*Your instructions*:
Beginning with the line that contains "In modalità di" and ending with the line that contains "다음 순서는 해녀포차다.", reproduce the lines of the entries below exactly, omitting pictures.

##### Excerpted data

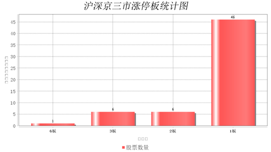 6板共1支,3板共6支,2板共6支,1板共46支,市场当前最高板为6连板!
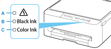 In modalità di standby copia, è possibile verificare lo stato dell'inchiostro tramite la spia Inchiostro colore (Color Ink) e la spia Inchiostro nero (Black Ink).
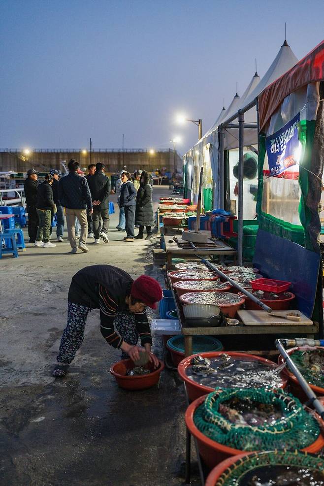 다음 순서는 해녀포차다. 그녀는 6호 포차를 권했다. "가장 연세가 많은 해녀세요. 가서 좀 팔아 드리세요." 섬을 찾은 관광객의 반 이상은 선착장에 내려와 있는 듯했다. 역시나 홍도 밤의 키워드는 해녀 포차임이 분명하다.
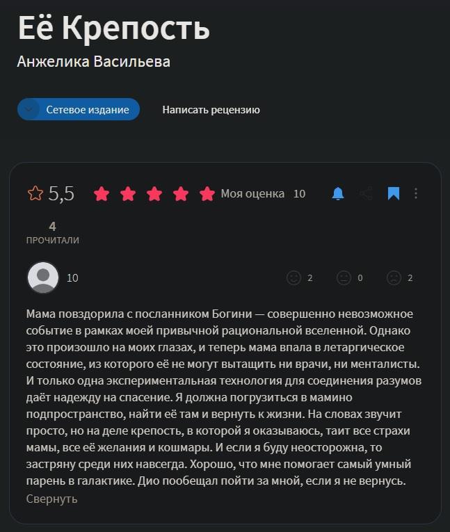 Автор: Анжелика ВасильеваВозможно, это звучит слишком громко, ведь комментариев она не писала, но единички на Лайвлибе ставит, может после этого поста найдёт ещё новую книгу и туда тоже поставит.
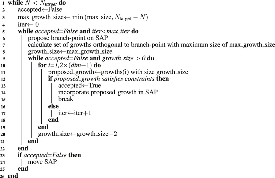 A SAP with a greater number of monomers can be grown from an existing SAP by severing the bond between a pair of consecutive monomers and adding a closed branch orthogonal to the vector between that pair of monomers (Buenemann and Lenz, 2010; Goodsell et al., 2018). This is done in an unbiased fashion by randomly selecting consecutive pairs of monomers to serve as a branch-point and then randomly proposing growths in the orthogonal directions, an example of proposed growths is depicted in Figure 3A. Each proposed growth is only accepted if the resulting SAP satisfies all of the constraints. For example, growth #1 in Figure 3B may have been accepted because all of the other proposed growths violated the ribosome constraints. If a satisfactory growth can not be found, then the SAP is moved before searching for growths again. Pseudocode for the SAP growth algorithm is presented in Algorithm 1.
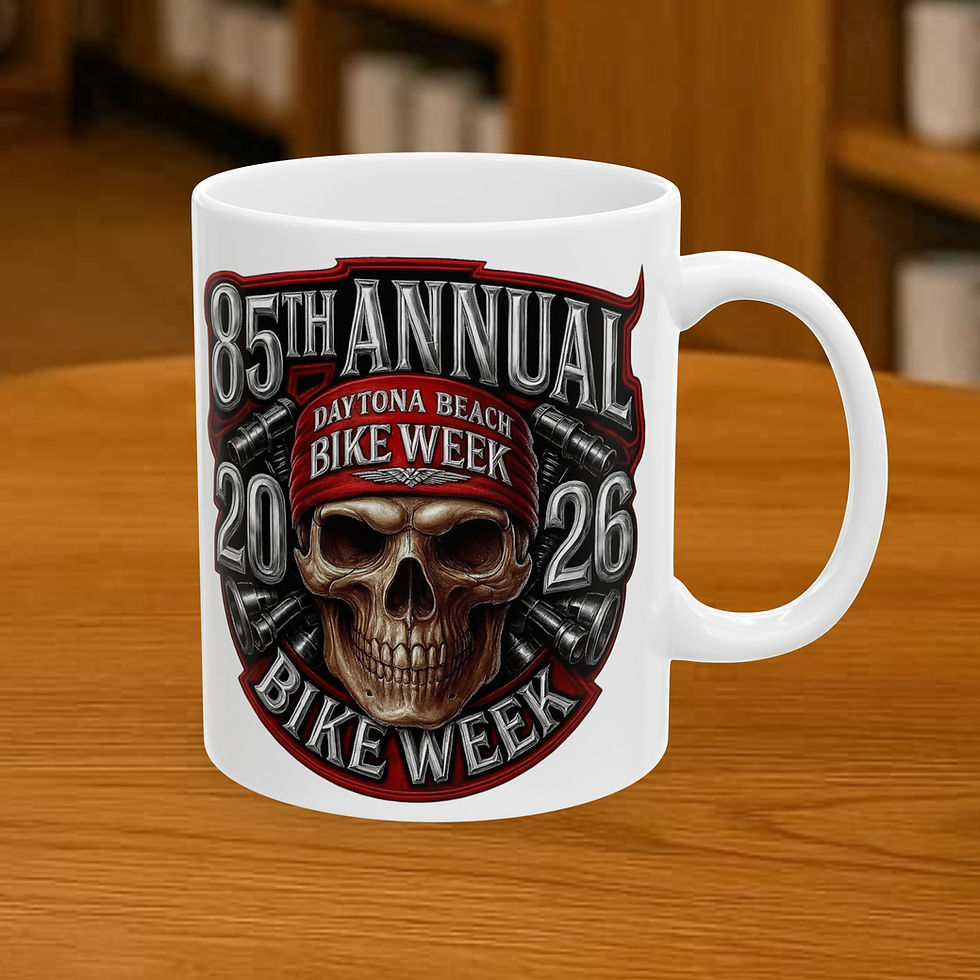 85th Annual Bike Week Daytona Beach 2026 coffee mug, motorcycle rally souvenir
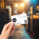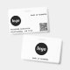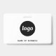 Simple logo with custom text and QR code professional business name badge. Change the logo, QR code website destination and any of the text to customise. The back features your logo and company name.
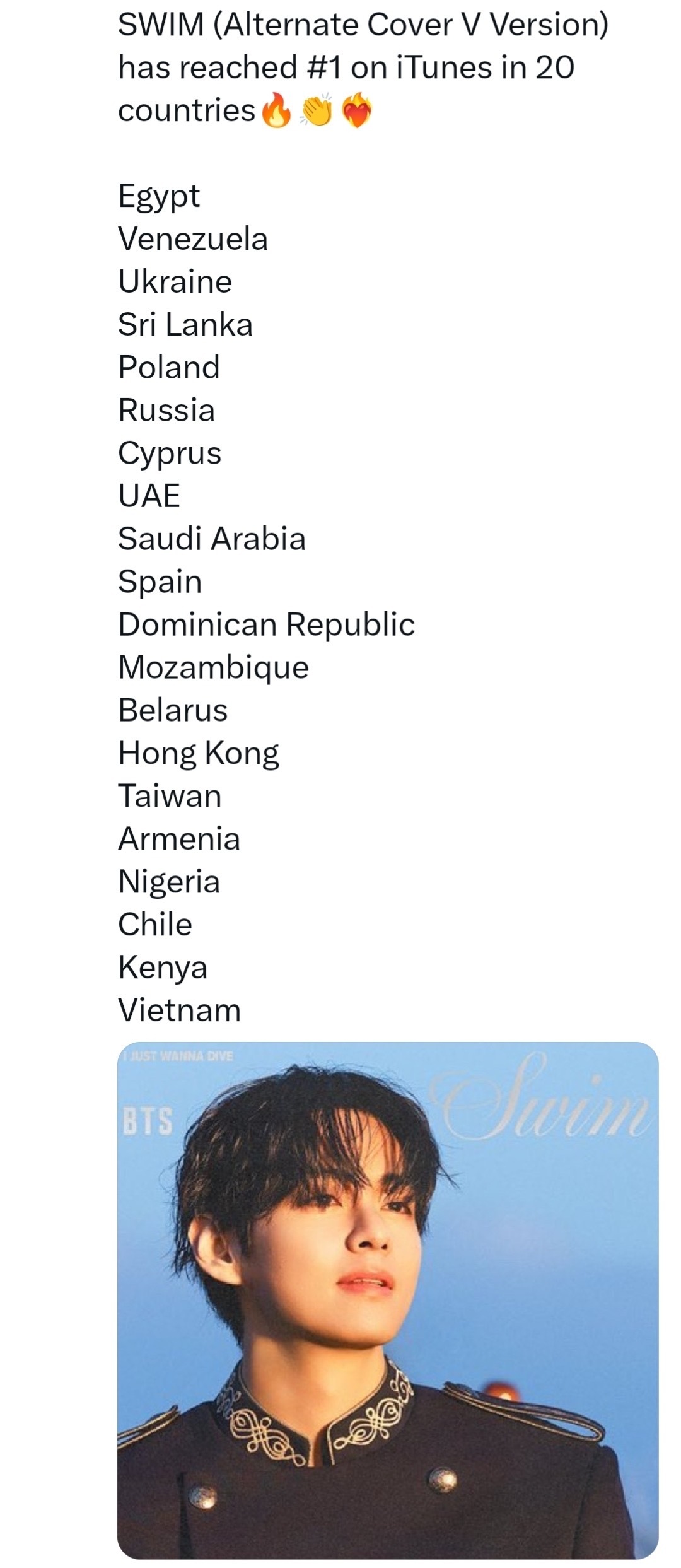 金泰亨SWIM (Alternate Cover V Version) 已在20个国家及地区的iTunes榜单登上一位BTS内【首个&唯一】达成20个一位成员领跑BTS成员单封最多地区登顶数📈
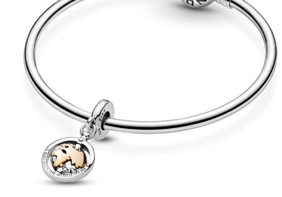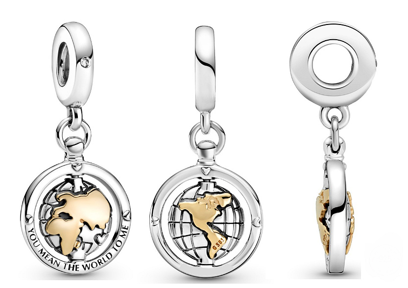 Svoju životnú lásku venuje prívesku World Turning Pendant. Tento šperk, ručne opracovaný zo striebra 925, má otočný plochý glóbus v okrúhlom rámčeku s trblietavým kameňom na očku. Glóbusy sú ručne opracované zo 14-karátového zlata a obsahujú vyryté čiary zemepisnej šírky a dĺžky . rámček má na prednej strane malé vyvýšené srdiečka a vygravírovaný text "You mean the world to me". Ukážte týmto šperkom, že vaša láska nepozná hranice.
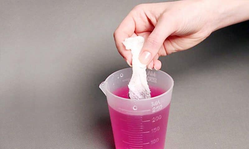 - Приготовить 1 % раствор марганцовки: по 1 гр перманганата калия на каждые 100 мл тёплой воды. Должна получиться жидкость тёмно-розового цвета.
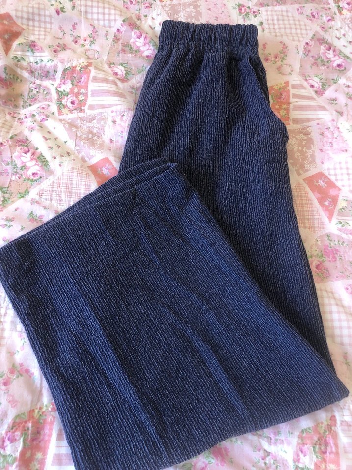 Kadınlar için lacivert renkli, örgü dokulu, bol kesim denim pantolon. Normal midi boyda ve lastikli bel yapısına sahip, rahat ve bohem tarzda günlük kullanım için uygun.
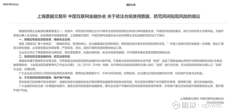 上海票据交易所 中国互联网金融协会 关于依法合规使用票据、防范民间贴现风险的倡议
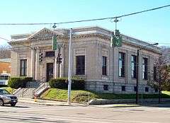 US Post Office-Corning is a historic post office building located at Corning in Steuben County, New York. It was built in 1908-1909 and is one of a number of post offices in New York State designed by the Office of the Supervising Architect of the Treasury Department, James Knox Taylor. It is a rectangular, one story building faced with pressed yellow brick in the Classical Revival style. The exterior features elaborate terra cotta decoration.[2]
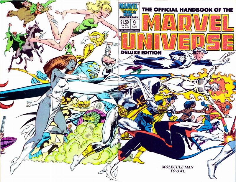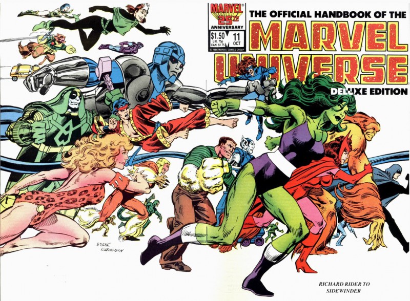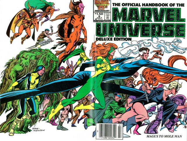 Each character was drawn by a different comic book artist and it included pictures of the characters in action taken from panels in the comics they’d appeared in. But my whole point here was to talk about the covers which the majority of them were drawn by my personal favorite John Byrne! The cool thing about the covers was that they could all be connected as one super duper long cover of the characters running. So Byrne pretty much tried to include all the characters from each alphabetical issue!! I’d love to see a video montage that follows each issue until it’s end! But until then I’ll include as many of these covers I can find right here! Check this out!

##########

*Result of this task*:
 In modalità di standby copia, è possibile verificare lo stato dell'inchiostro tramite la spia Inchiostro colore (Color Ink) e la spia Inchiostro nero (Black Ink).
 다음 순서는 해녀포차다. 그녀는 6호 포차를 권했다. "가장 연세가 많은 해녀세요. 가서 좀 팔아 드리세요." 섬을 찾은 관광객의 반 이상은 선착장에 내려와 있는 듯했다. 역시나 홍도 밤의 키워드는 해녀 포차임이 분명하다.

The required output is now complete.